Quince minutos pasarían, cuando la angustia del médico terminó, su esposa e hija, llegaron al servicio aún en pijamas.  Para el resto de nosotros la angustia aumentaba.  Otro médico, cuya familia estaba en el norte, llegó a brindar colaboración ante la inminente emergencia asistencial.
- Debemos preparar todo porque empezará a llegar gente herida-  dijo seca y fríamente.  Supongo que la seguridad del bienestar de su familia lejos de acá, le permitía mantener una calma imposible para el resto de nosotros.

¿gente herida? ¿y si mi propia hija estaba herida? ¿y yo aun acá? ¿sin ayudarla por ayudar a otros? ¡nooooo! ¡tengo que irme de acá! ¡tengo que ver a mi hija, saber de ella! ¡déjenme ir a verla, y juro por Dios que si está bien vuelvo! ¡solo quiero saber de ella! ¡solo eso!.  Ninguna de estas frases salió de mis labios, pero parecía que mis pensamientos gritaban por mis ojos.

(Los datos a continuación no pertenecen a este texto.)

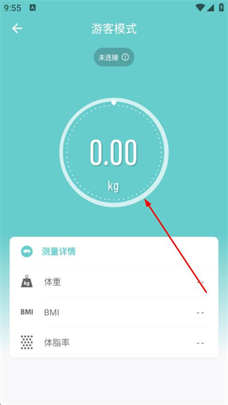 3、注册成功后可进入APP,查看体重、BMI、体脂率等测量详情。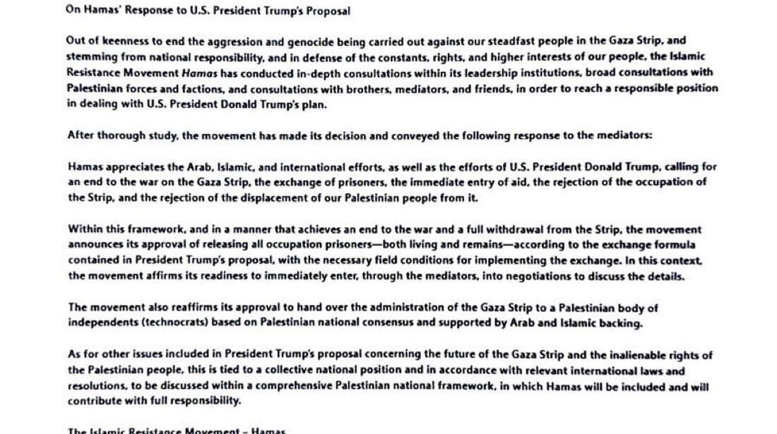 Here is the response HAMAS sent to President Trump about his proposed peace deal. @WhiteHouse tweeted it, but then deleted it. pic.twitter.com/N02RRoX0lZ

- Nadie puede irse hasta que no tengamos confirmación de que sucedió- Fue la lapidaria respuesta del médico recién llegado a mis súplicas internas.  Cuan lector de mentes, me respondió firmemente, tomando el mando de la situación.  Era un hecho, su calma venía de la seguridad de su familia, sin dudarlo, si su esposa e hijos hubieran estado acá, él no actuaría de esta manera, pensé.

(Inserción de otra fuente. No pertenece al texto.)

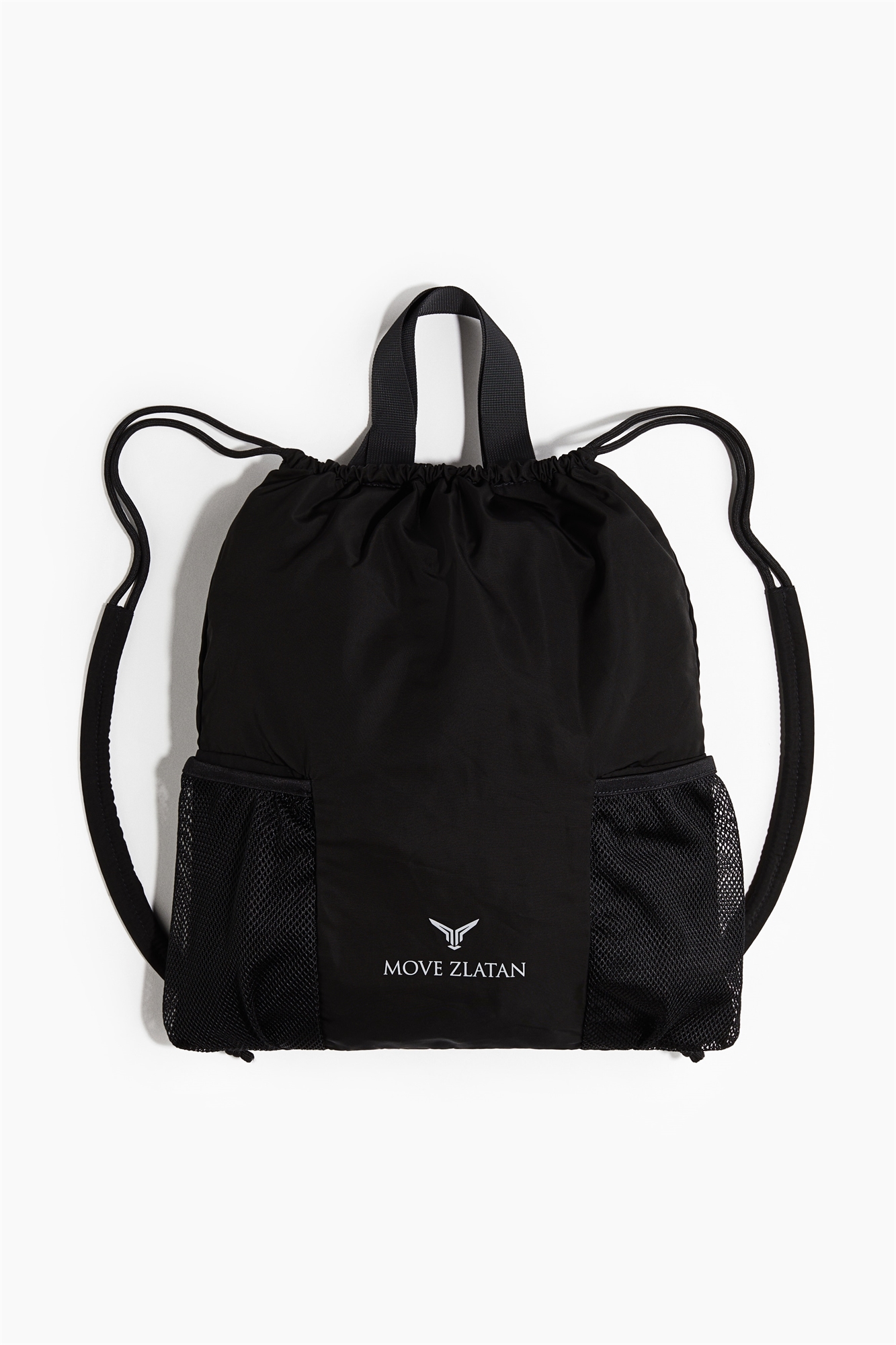 Спортивная сумка из тканого материала с ручкой и шнурком сверху и плечевыми ремнями, чтобы ее можно было носить как рюкзак. Два внешних отделения из сетки по бокам с местом для бутылки с водой и внутренний карман.

A las 04:30, una ambulancia se estaciona frente a nosotros, y un desesperado conductor nos grita, "¡traigo una mujer malherida!" el médico de turno corre y evalúa a la mujer, baja y me grita "¡Pame, dos sueros acá rápido!".

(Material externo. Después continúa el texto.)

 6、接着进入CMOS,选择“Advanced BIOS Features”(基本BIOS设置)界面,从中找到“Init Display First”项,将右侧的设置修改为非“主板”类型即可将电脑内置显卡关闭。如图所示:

Actué cuan zombie a la orden del amo.  Caminé a la ambulancia, tomé dos sueros, le puse ambas vías venosas sin luz, alumbrando con mi celular..... ¿mi celular? ¡¿que pasaría con mi hija?!...... una imagen brusca y sangrienta me devolvió a la realidad, dos huesos astillados asomados desde la mitad de ambas piernas de la mujer de la ambulancia, de aproximadamente 60 años.  Tenía fractura expuesta de ambas piernas.

Bajé de la ambulancia, la grave lesión de la mujer solo acrecentó mi miedo, mi pánico.  Miles de cosas cruzando por mi cabeza, intentaba eliminar rápidamente las malas para no atraer la desgracia.  Pero el miedo llenaba mi ser, mi hija, mi hermana, o mi madre heridas, mi abuela muerta, eran los males esperables en el horroroso momento que estaba viviendo.  Eran los males soportables y estaba preparada para ellos.  Peor que eso NO podía pasar. Mi padre debía estar bien, estaba obligado a estar bien, porque sería él el encargado de manejar mi jeep para huir al cerro en caso de tsunami.

Miraba incansable y mecánicamente mi celular, cuando Dios se apiadó de mi, y un "bip bip" sonó.  Solo un mensaje de texto que decía:  "Estamos todos bien, vamos al cerro en el jeep, nos llevamos los vecinos del frente".

GRATITUD POR DIOS, INFINITA GRATITUD. CALMA. FELICIDAD. Y DESAHOGO...

Y mi desahogo, se convirtió en lágrimas de gratitud... Un gran abrazo de la sra. Rosita, me cobijó, quien lloró junto conmigo.
- Están bien sra. Rosita, mi familia están todos bien-  La mire, y comprendí que la calma que yo sentía aún no llegaba a ella, le entregué mi celular para que buscara comunicarse con sus hijos.

Tres personas, pidiendo ayuda y otro con una persona en brazos, despertaron mi alerta.  Ahora pensaba claro, MI gente estaba bien.  Pero a quienes tenía en frente no.

Y por fin en calma, respondí a la emergencia, y me puse a trabajar....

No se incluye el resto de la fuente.